According to an article by the Russian Archpriest Victor Potapov, these people believe that physical life was born from death so it was logical for them to welcome the “new year” in the fall when, as they believed, the season of cold, darkness, decay and death began. The Celts believed that a certain deity, whom they called Samhain, was the lord of death. To him they gave honor at their New Year’s festival. On the eve of the festival the priests of the Celtic cult, the Druids, instructed their people to extinguish all hearth fires and lights and they ignited one large bonfire which was believed to be sacred. It was at that bonfire that sacrifices were made to the lord of death, Samhain. They believed that their lord, pleased with the offerings, would allow the dead to return to their homes. It was this belief that brought the tradition of wondering about in the dark dressed in costumes indicating ghosts, witches and demons.
Another belief of these ancient people was that their souls, if they were pleased by the offerings presented at the bonfire, could provoke the wrath of Samhain whose angels and servants could retaliate through a system of “tricks” or curses.
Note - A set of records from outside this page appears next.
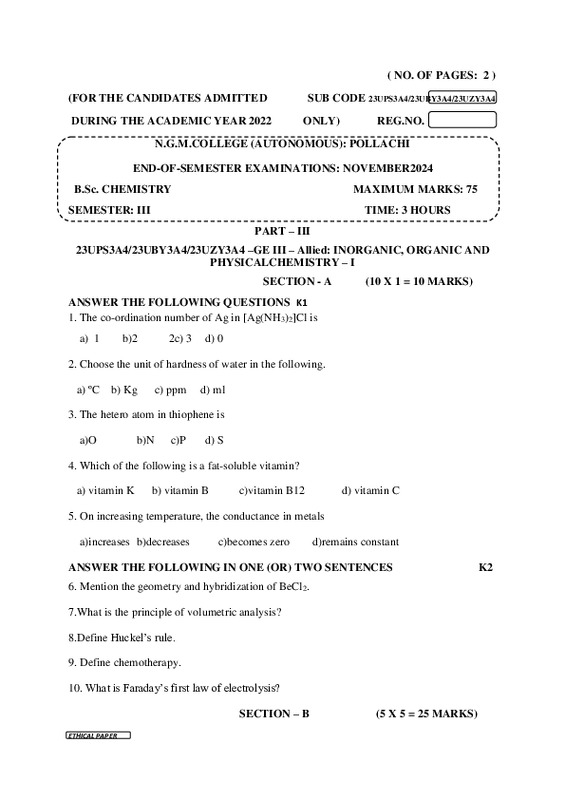 File #2951: "23UPS3A4 INORGANIC, ORGANIC AND PHYSICALCHEMISTRY – I.pdf"
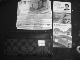 出租车司机王亮在车内捡到的钱包,内有2000元左右的现金和身份证、银行卡等。
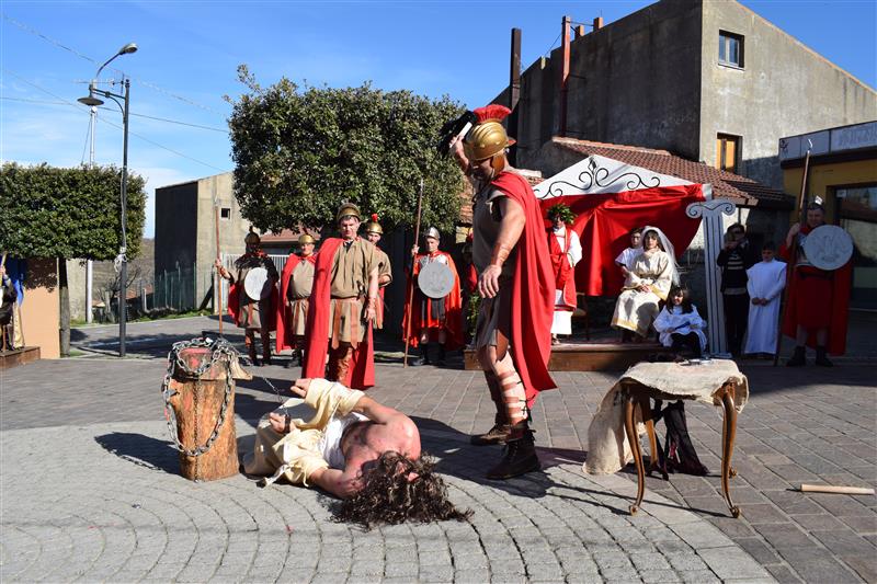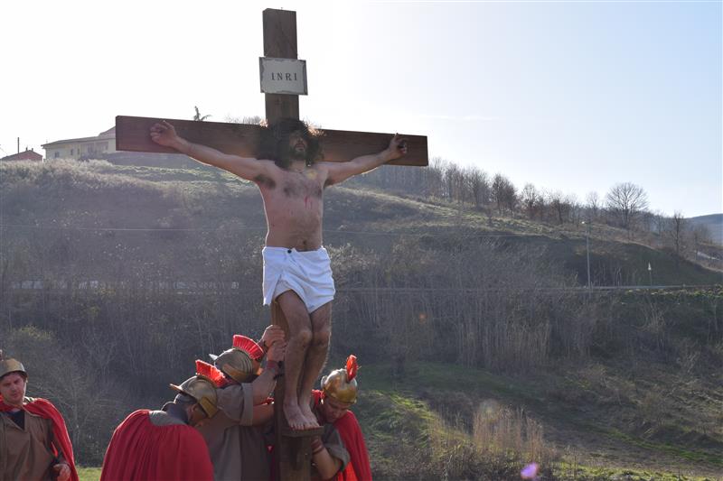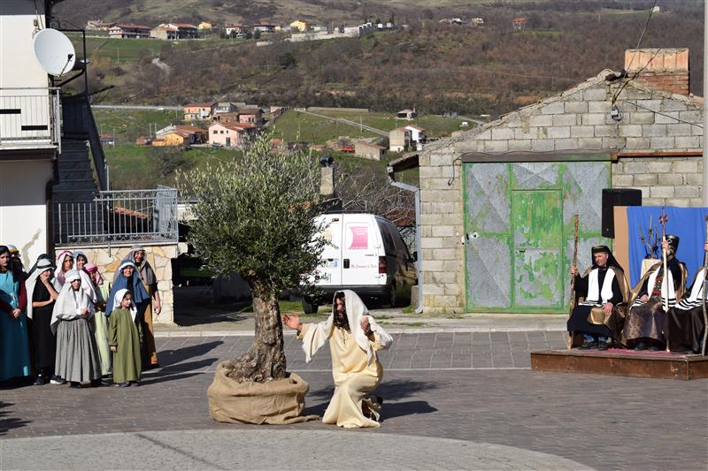 Una proposta molto audace, questa, che si è concretizzata già lo scorso anno in una magnifica esperienza, anche grazie all’entusiasmo galvanizzato dalla partecipazione dell’intera comunità, che spinge il Gruppo Eventi della Parrocchia Santa Maria del Carmelo a crescere sempre di più, per realizzare una rappresentazione che non sia solamente una rappresentazione di un fatto storico ma un percorso di riscoperta personale del senso più autentico della Pasqua. Il coinvolgimento e la partecipazione di tutta la comunità, abitata da poco meno di mille persone, è sicuramente il risultato che più fa sperare e che spinge il gruppo a continuare a riunirsi per presentare numerose novità. La manifestazione si svilupperà intorno alla rappresentazione della Passione di Gesù, secondo la lettura del Testo sacro. La narrazione, calata nel contesto della piccola comunità lucana, aiuterà a ripercorrere le ultime ore di vita di Gesù. Questo il programma della serata: ore 18.00 Rappresentazione della Condanna a Morte del Cristo: in Piazza XVI dicembre saranno ripercorsi i momenti che hanno portato alla crocifissione di Gesù. Successivamente il corteo attraverserà il centro abitato fino a raggiungere il “Golgota” situato, simbolicamente, in contrada Gianturco, luogo di esecuzione della pena della Crocifissione. Lungo il percorso, ad attendere il corpo flagellato ci saranno, Maria, madre di Gesù, Simone di Cirene, la Veronica, pronta a raggiungere Gesù e tergere il suo volto con un candido lino, e alcune pie donne che lo compassionavano e piangevano per lui. Carico dei nostri peccati, umiliato e sopraffatto dal peso delle tante iniquità, Gesù affronterà anche il grande peso della croce, cadendo al suolo come un agnello innocente. Grazie all'impegno dell’intera comunità sarà quindi possibile rivivere il Triduo Pasquale dal suo prologo nell’ultima cena e nel tradimento di Giuda sino alla crocifissione. La rappresentazione sarà interamente recitata in modo da far rivivere la vicenda umana e religiosa grazie all'interpretazione degli attori (gli stessi abitanti della comunità) che sono riusciti, già lo scorso anno, a immedesimarsi totalmente nella propria parte, grazie anche a costumi e scenografie realizzate e curate dal gruppo stesso. |
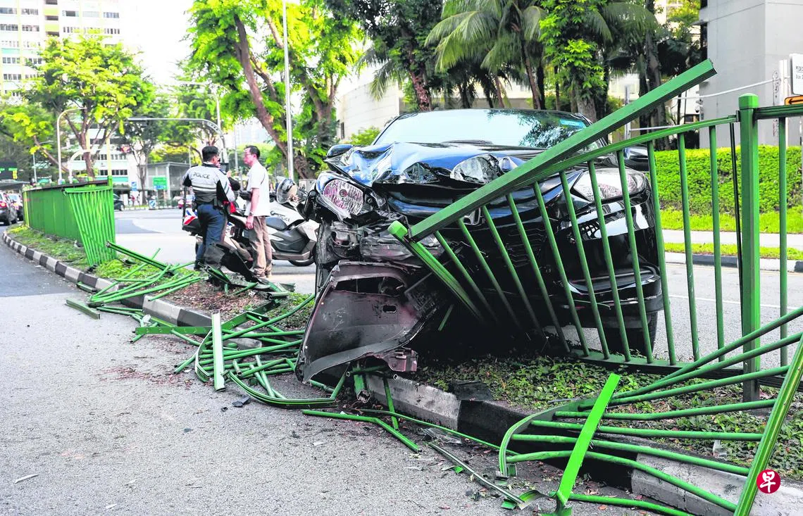 私召车在行驶途中突然失控并撞断路中央的栏杆,栏杆还击中另一车辆,55岁司机协助警方调查。
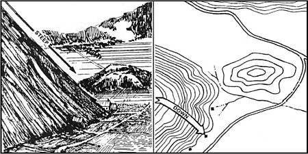 4.凸坡:在地圖上凸坡的地形特徵是頂部等高線間隔較寬,底部等高線間隔緊密。在斜坡的頂部無法觀察到底部斜坡或地形
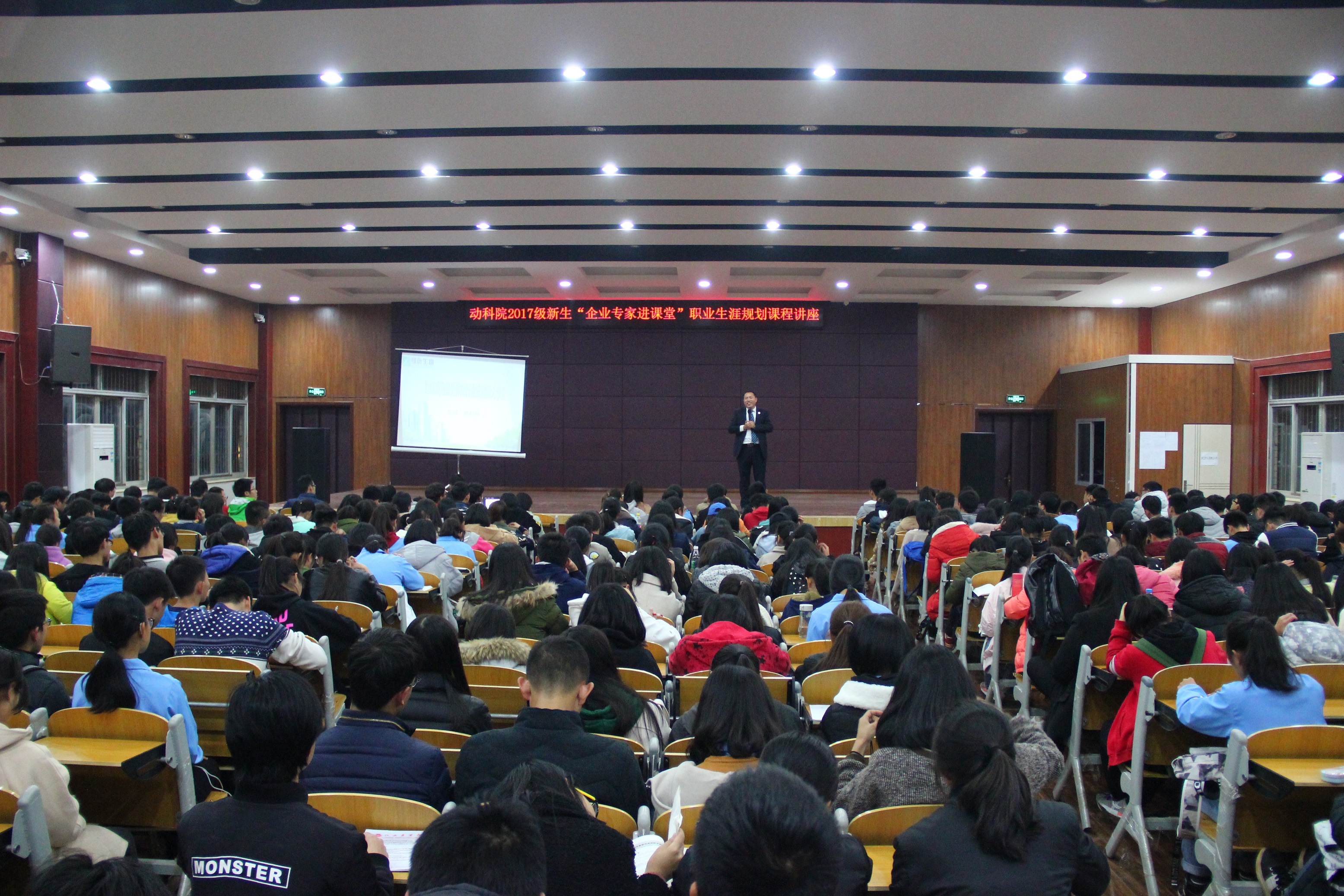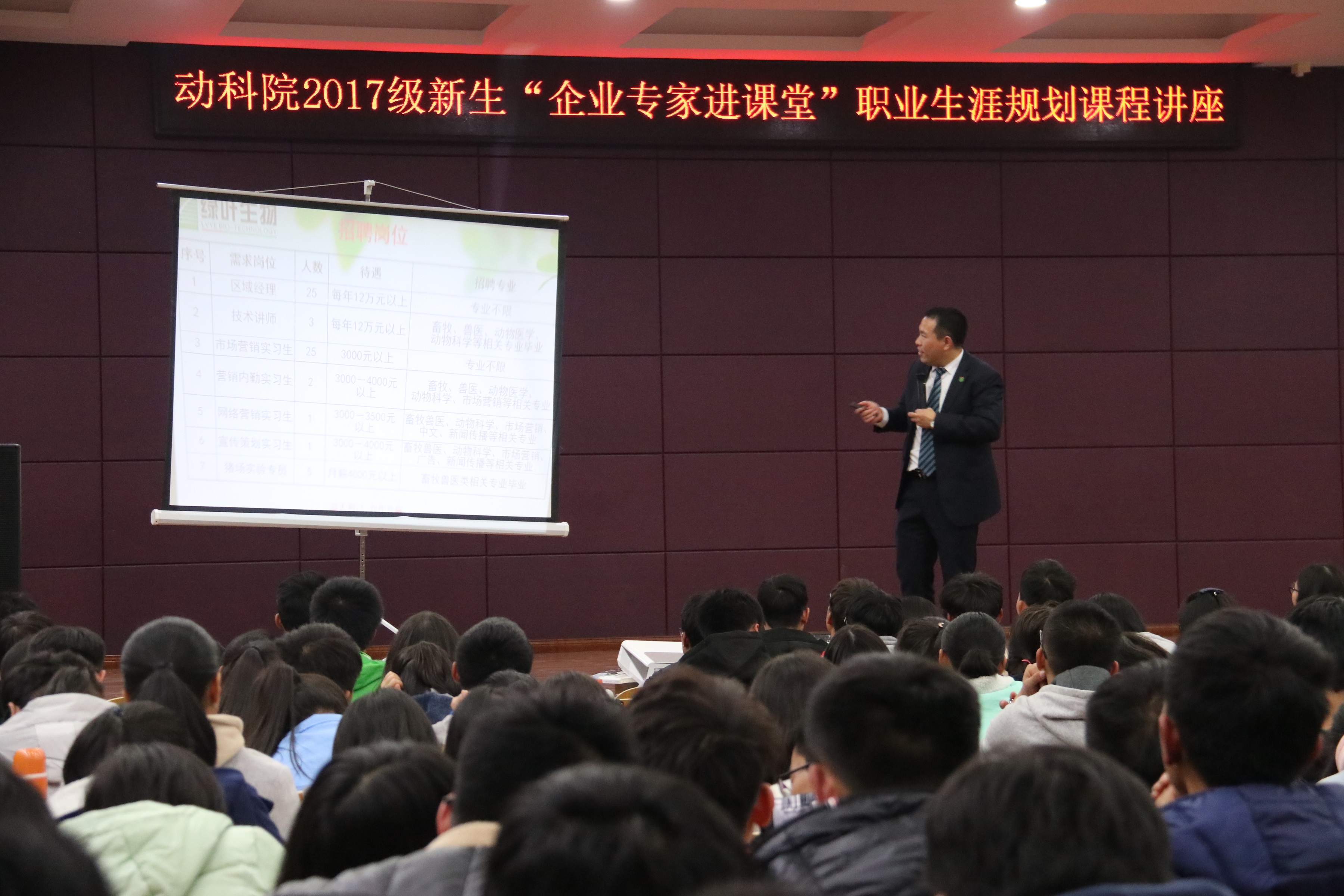 此次讲座邀请了湖南长沙绿叶生物科技有限公司人力资源总监童松林。他结合当前畜牧行业现状、企业人才需求及老员工职业规划意义等内容为2017级新生讲授了一堂题为《如何成为深受养殖行业欢迎的老员工》的课。以人才培养与职业生涯规划间不可分割的关系为切入点,为2017级新生讲授了人才培养与职业生涯规划的重要性。同时为新生讲述了现代畜牧养殖业的发展现状,以食品质量安全、生态规模养殖为例讲述了企业需求人才的标准,希望动科院2017级员工做好职业规划,学好专业知识,提升专业技能,才能在未来的职场制胜,才有能力为现代畜牧业做出贡献。
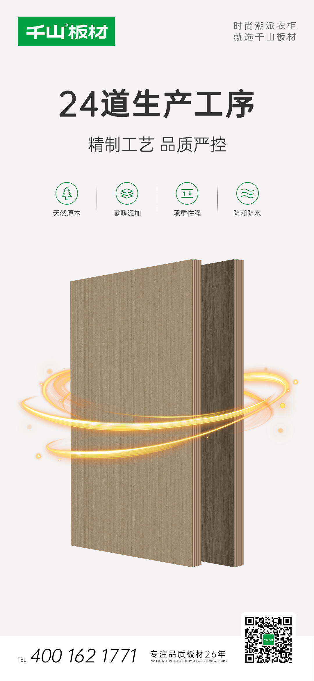 千山板材實木多層板以高環保性、高穩定性、高防潮性等多重領先優勢,滿足千萬家庭對品質的更高要求。歡迎光臨當地千山板材品牌專賣店選購。
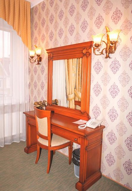 вешалка, зеркало, кровать двуспальная, прикроватные тумбочки, стол, стул, шкаф
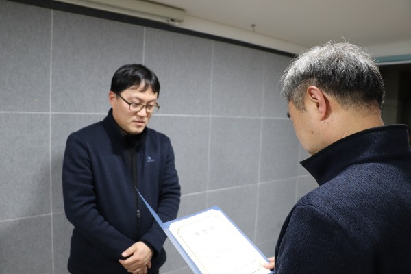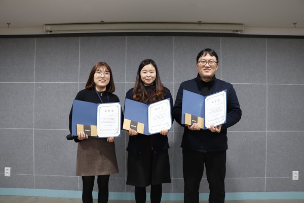 - 2019년 종무식은 근무평정에 따른 우수직원 표창 3명(정인환, 한웅비, 박초원)에 대한 시상과 우수사회복무요원 표창, 승진자에 대한 임명장 전달(정인환, 지은미, 박초원)순으로 진행되었으며, 남성주 관장의 송년인사이후 2019년 시무식에 작성했던 '2019년 내가 바라는 한가지'에 대한 직원들이 이야기를 나누는 과정으로 진행되었습니다.
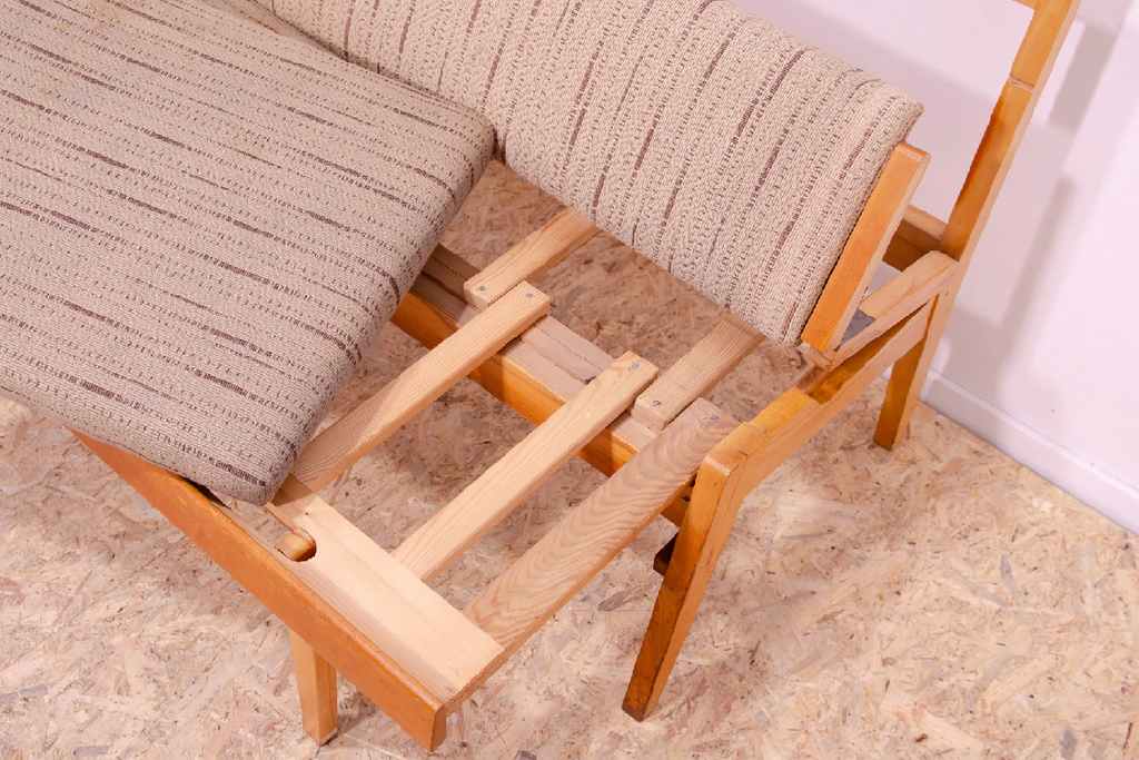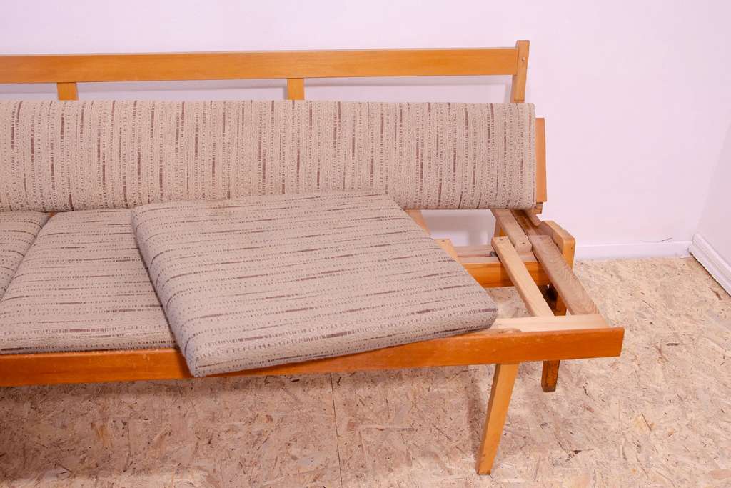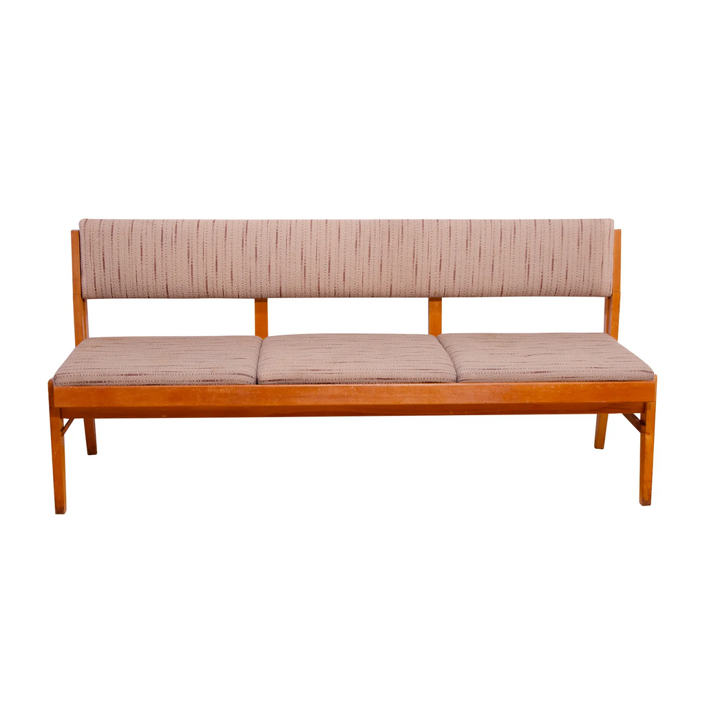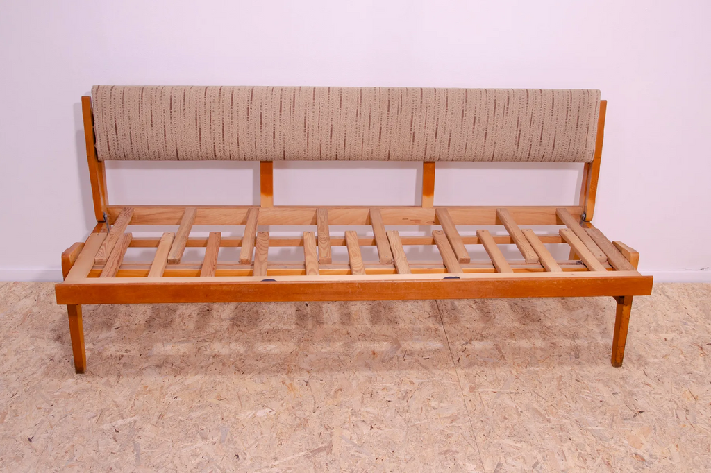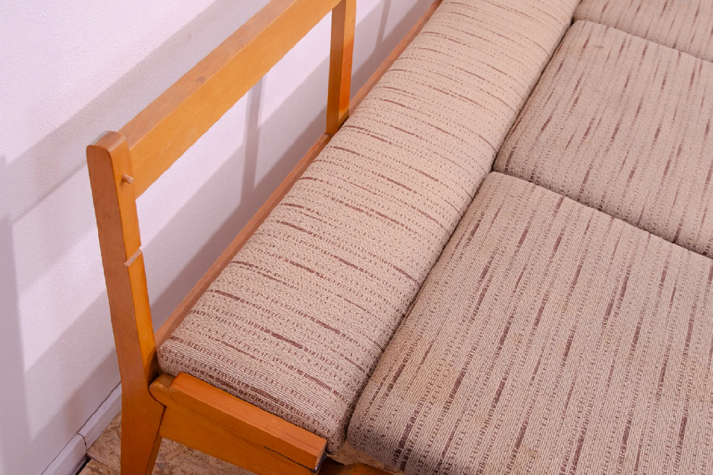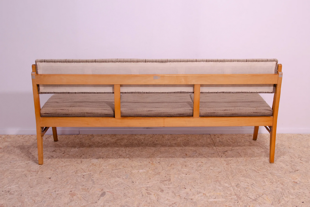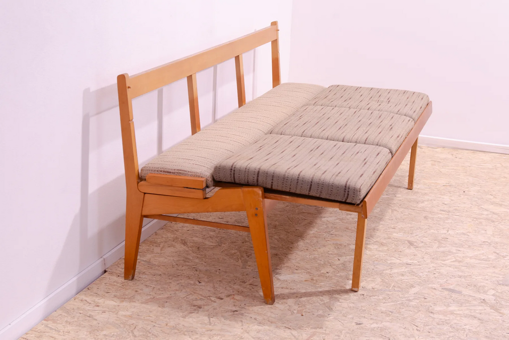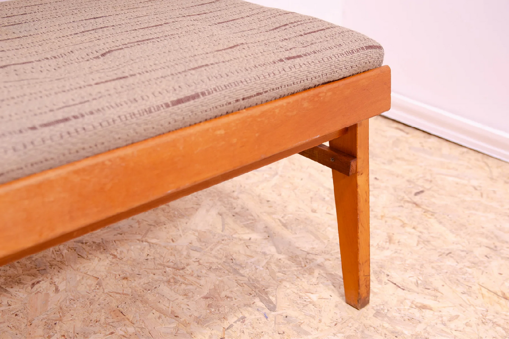 Very interesting mid century upholstered sofa/bench, made in the former Czechoslovakia in the 1960´s. Material: beech wood, fabric. The sofa is in very good Vintage condition.

Thus the dialogue of “trick or treat”. All of these things are a part of the modern “innocent” version of Halloween.
There is nothing new in Church discouraging Christians from taking part in Halloween celebrations. After all, they’ve been doing it since in the early Celtic Church the Holy Fathers attempted to counteract this pagan new year festival by establishing the Feast of All Saints. While in the East this feast would fall on the Sunday after Pentecost, it was the custom of the Celts for the faithful to attend a vigil service on October 31 and a morning Divine Liturgy on November 1. Interestingly enough, it was this custom which created the term “Halloween”. The Old English of “All Hallow E’en,” i.e. the eve of the commemorating all those who were hallowed became known as Halloween.
A name that sounds Christian but has nothing to do with it.
There are alternatives to celebrating Halloween. If you are on the Old Calendar we commemorate St. Luke the Evangelist on October 31. On the other hand, if you are Protestant, well I suppose you can always commemorate the Reformation.